В мирное время Касаб считался одним из красивейших мест Сирии. Великолепные сады, густые хвойные леса, крутые горы, лежащие словно складки на платье. До пляжей Средиземного моря пятнадцать километров. Завидное место жительства. Латакийская элита покупала себе дачи в окрестностях Касаба.
Сегодня — Касаб считается самым беспокойным местом в провинции. Ведь «прямо за околицей» турецкая граница — подлая турецкая граница, коварная и предательская.
Культурно-исторические потери
До войны Сирию называли «Музей под открытым небом». По обилию масштабных древностей она могла сравниться, пожалуй, с Индией и Ираном. Руины античной Пальмиры, окруженные башнями-гробницами, гигантские водохранилища-термы и христианские храмы Сергиополиса, уникальный православный монастырь Маалюля, где продолжали разговаривать на языке Иисуса Христа, месопотамская крепость Калаат-Джабар, гора Касьюн над Дамаском, на вершине которой свершилось первое библейское преступление — Каин убил Авеля… Сирия была пронизана всем тем, что нам, русским, известно лишь по учебникам истории и научно-популярным фильмам. Около двух лет назад правительство страны вынуждено было принять решение о закрытии большинства музеев, а то, что возможно, переместить в безопасные хранилища. По оценкам на конец 2013 года, в результате продолжающейся войны пострадали, как минимум, двести восемьдесят девять объектов исторического наследия.
На вершине горы Касьюн сейчас дислоцируется сирийская артиллерия, которая обстреливает позиции антиправительственных боевиков в пригородах Джобар и Дума. Монастырь Маалюля был разрушен и осквернен в прошлом году бандами антиправительственных экстремистов. В ходе боев уничтожены рынки Алеппо, известные со времен Александра Македонского. В мае 2013-го был обстрелян артиллерией (спорно, кто стрелял: армия или антиправительственные боевики, они валят вину друг на друга) и разрушен уникальный подвесной мост через Евфрат в городе Дейр-эз-Зор. Объекты всемирного значения Дура-Еуропос, шумерский город Мари, один из старейших полисов Месопотамии Эбла находятся в районах, подконтрольных ИГИЛ, — что с ними, нет никакой информации. Но известно, что различные сирийские реликвии появляются на антикварных рынках Ливана, Турции, США и Евросоюза. По мнению самих сирийцев, антиправительственные группировки целенаправленно уничтожают и разворовывают их древности.

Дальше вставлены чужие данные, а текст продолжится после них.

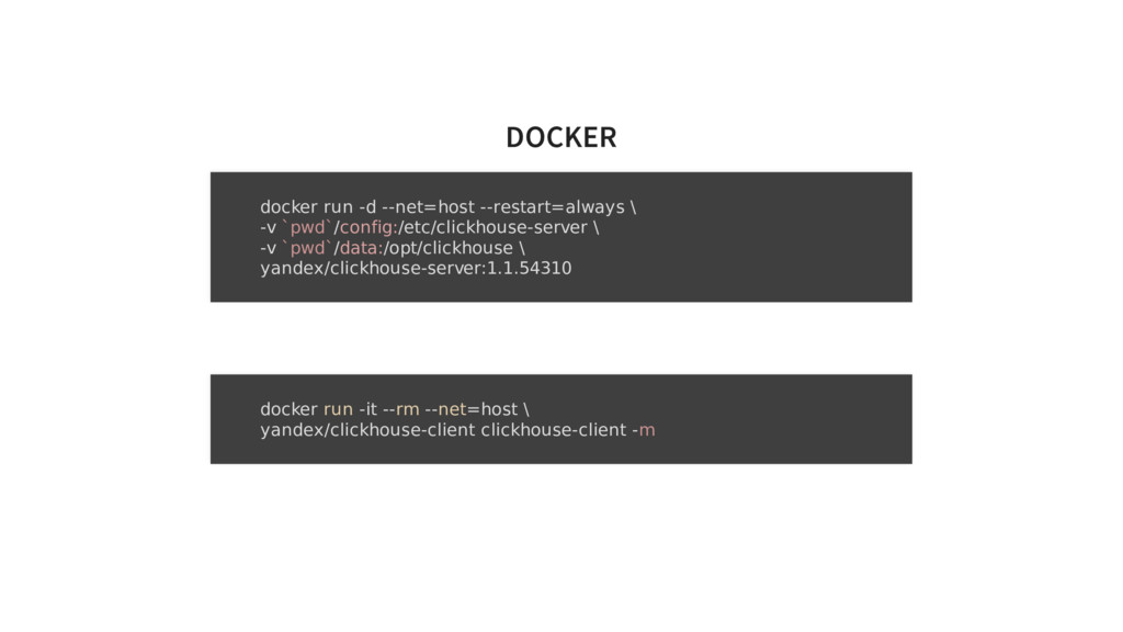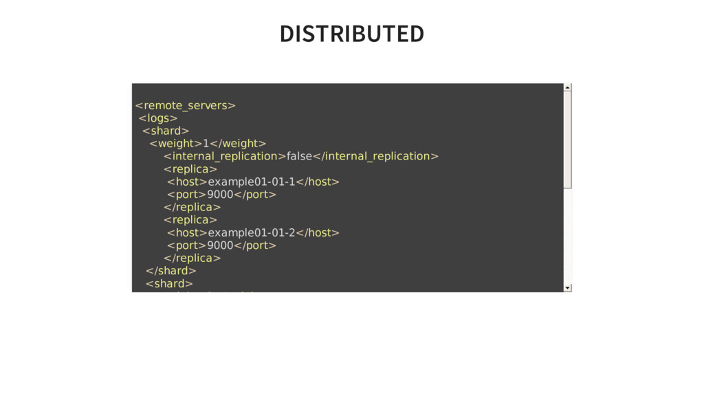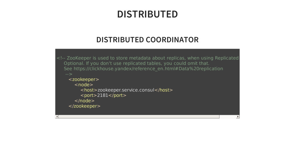 about replicas, when using Replicated tables. Optional. If you don't use replicated tables, you could omit that. See https://clickhouse.yandex/reference_en.html#Data%20replication --> <zookeeper> <node> <host>zookeeper.service.consul</host> <port>2181</port> </node> </zookeeper>
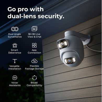 Външна камера с двойка независими обективи, интелигентно разпознаване на движение с изкуствен интелект, резолюция 3K, цветно нощно виждане, IP65, поддръжка на microSD
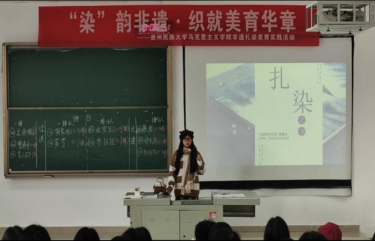 为让学生感受传统工艺美学,丰富校园文化生活,2025年11月10日,泰国a片 于2号教学楼309教室开展“染”韵非遗·织就美育华章——泰国a片 非遗扎染美育实践活动。本次活动参与人员为泰国a片 全体学生。
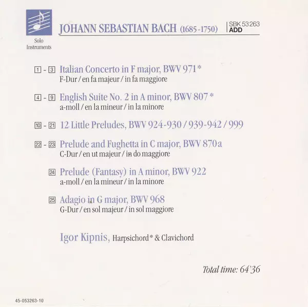| Artist | Johann Sebastian Bach | Igor Kipnis |
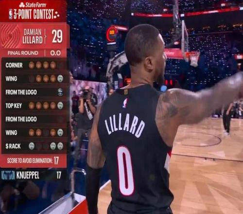 利拉德带伤复出首秀全明星3分大赛,他用无与伦比的29分向全联盟宣布 :哪怕老子一条腿站着,只要给我75秒,这天下还是我的。
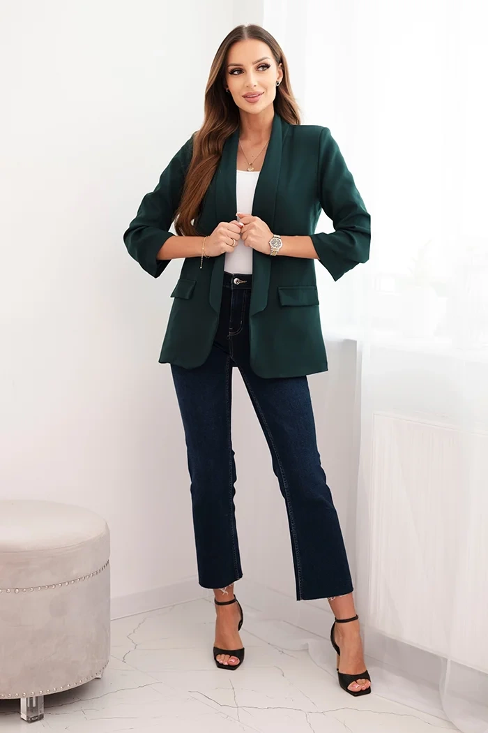 Marynarka damska bez zapięcia z podszewką S/M ciemno zielona to idealny wybór dla kobiet, które cenią ponadczasową modę i komfort noszenia. Model bez zapięcia, z prostym, swobodnym krojem i podszewką, doskonale układa się na sylwetce, dodając lekkości każdej stylizacji. Krótszy rękaw oraz długość sięgająca bioder czynią ją idealną zarówno do pracy, jak i na co dzień.
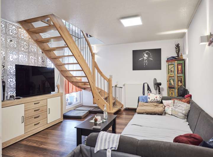 • Ober- & Dachgeschoss (ca. 111 m²): Eine stilvolle Wohnung mit offener Wohnküche, hellen Wohn- und Schlafräumen sowie zwei sonnigen Balkonen. Vermietet für 1.500€ kalt zzgl. 300€ NK.
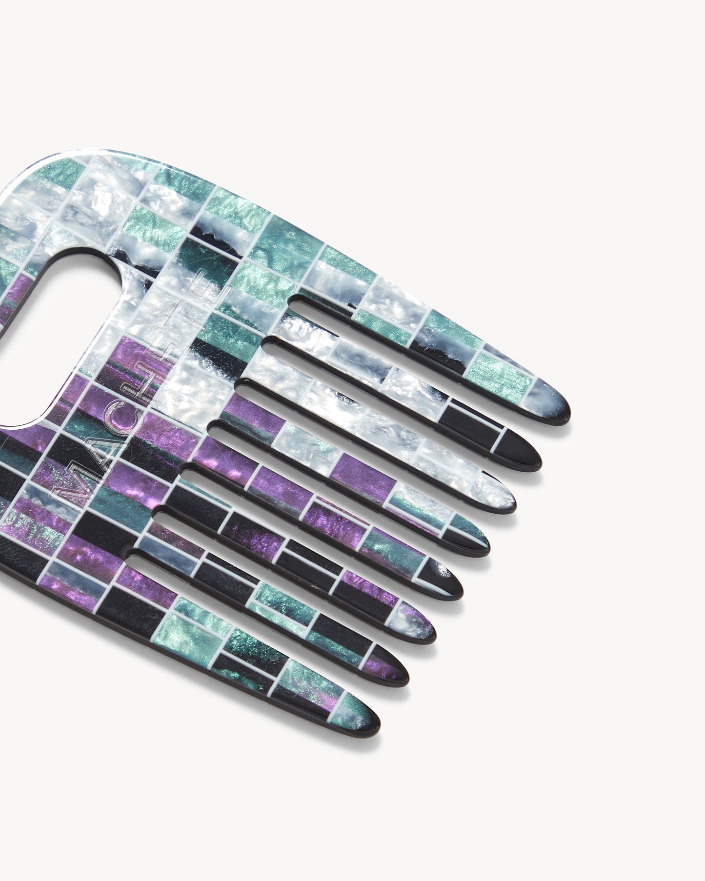 A compact wide-tooth comb handmade from fine Italian acetate. Recommended for volume styling, curly hair and afros.
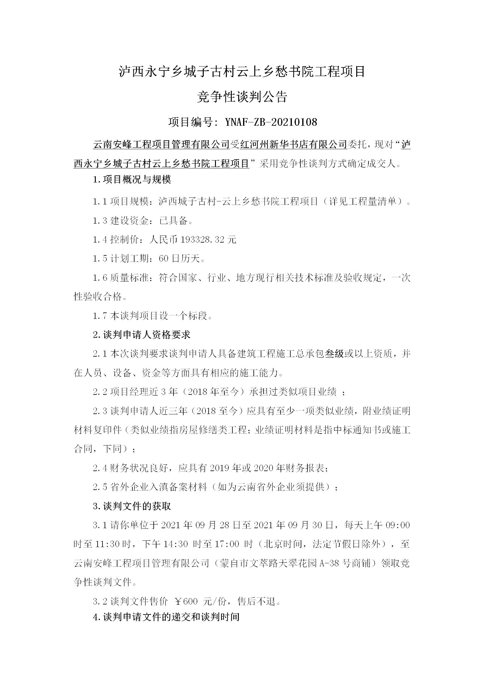 瀘西永寧鄉(xiāng)城子古村云上鄉(xiāng)愁書院工程項目競爭性談判公告

Без официальных делегаций, без специальных разрешений от правительственных учреждений нам удалось посетить несколько важных культурно-исторических объектов, которые в настоящее время закрыты. Нас допустили туда просто потому, что «нахну мин Русия» («мы из России» по-арабски, это просто волшебная формулировка на территории, подконтрольной армии сирийского правительства, она работает так же успешно, как два года назад).
Дамасская крепость
Рынок Хамидия в «Старом городе» Дамаска — одно из немногих мест, которое не изменилось из-за войны. Вязкое движение восточного базара не нарушают протяжный гул артиллерии и трескотня автоматных перестрелок из пригородов. Туристы, хотя они сейчас чрезвычайно редкое явление, как три-четыре года назад, вызывают многословную реакцию торговцев. «Добро пожаловать в мой магазин. У меня прекрасный товар, высшее качество. Хотя бы зайдите ко мне попить кофе», — обычно торговцы обращаются на английском. Многовековой стеной к Хамидии примыкает Дамасская крепость.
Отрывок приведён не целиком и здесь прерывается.